Task to complete: Once you reach the line with "GUCCI グッチ Flower" in the material below, copy each line exactly up to and including the line with "قالت هيئة المسح", and skip the pictures.

Dataset content:

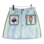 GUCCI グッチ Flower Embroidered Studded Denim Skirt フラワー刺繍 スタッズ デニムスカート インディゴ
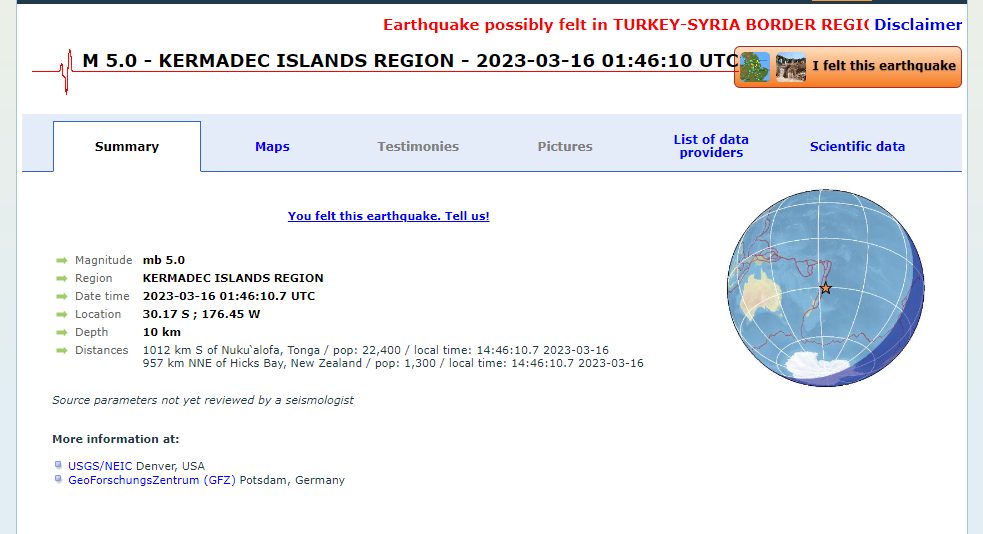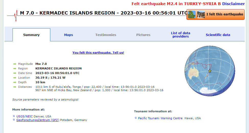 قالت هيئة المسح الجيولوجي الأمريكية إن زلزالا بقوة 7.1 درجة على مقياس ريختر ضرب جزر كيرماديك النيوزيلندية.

---

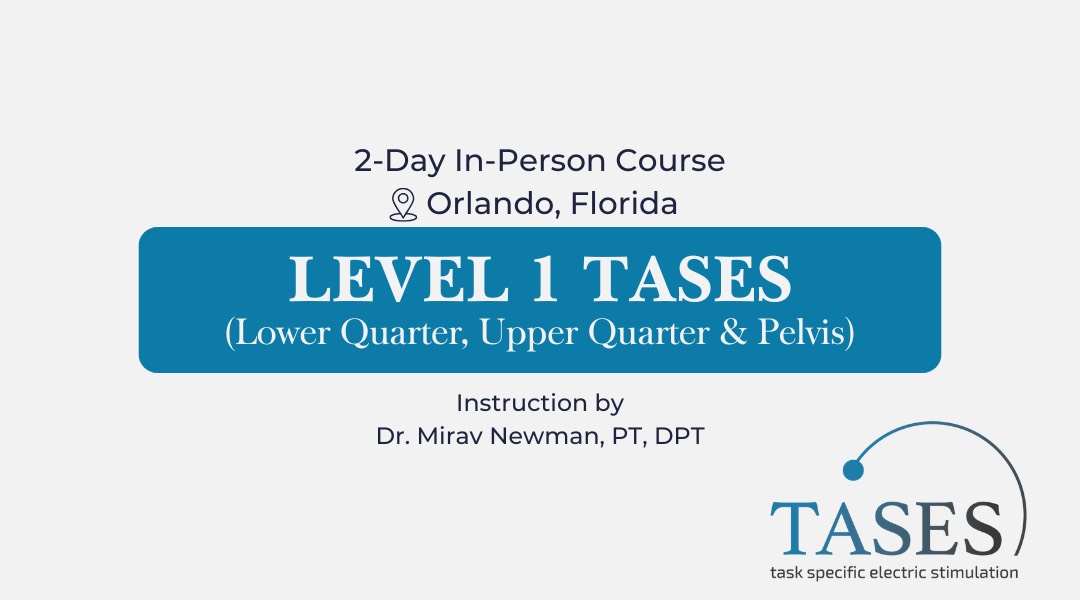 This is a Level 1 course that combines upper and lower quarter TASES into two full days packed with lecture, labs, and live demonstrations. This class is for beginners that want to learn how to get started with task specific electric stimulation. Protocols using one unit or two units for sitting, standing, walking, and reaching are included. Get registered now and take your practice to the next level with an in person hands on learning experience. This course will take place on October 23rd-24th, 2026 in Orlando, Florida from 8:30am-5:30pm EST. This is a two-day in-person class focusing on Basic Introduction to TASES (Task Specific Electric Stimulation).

Your response:
 GUCCI グッチ Flower Embroidered Studded Denim Skirt フラワー刺繍 スタッズ デニムスカート インディゴ
 قالت هيئة المسح الجيولوجي الأمريكية إن زلزالا بقوة 7.1 درجة على مقياس ريختر ضرب جزر كيرماديك النيوزيلندية.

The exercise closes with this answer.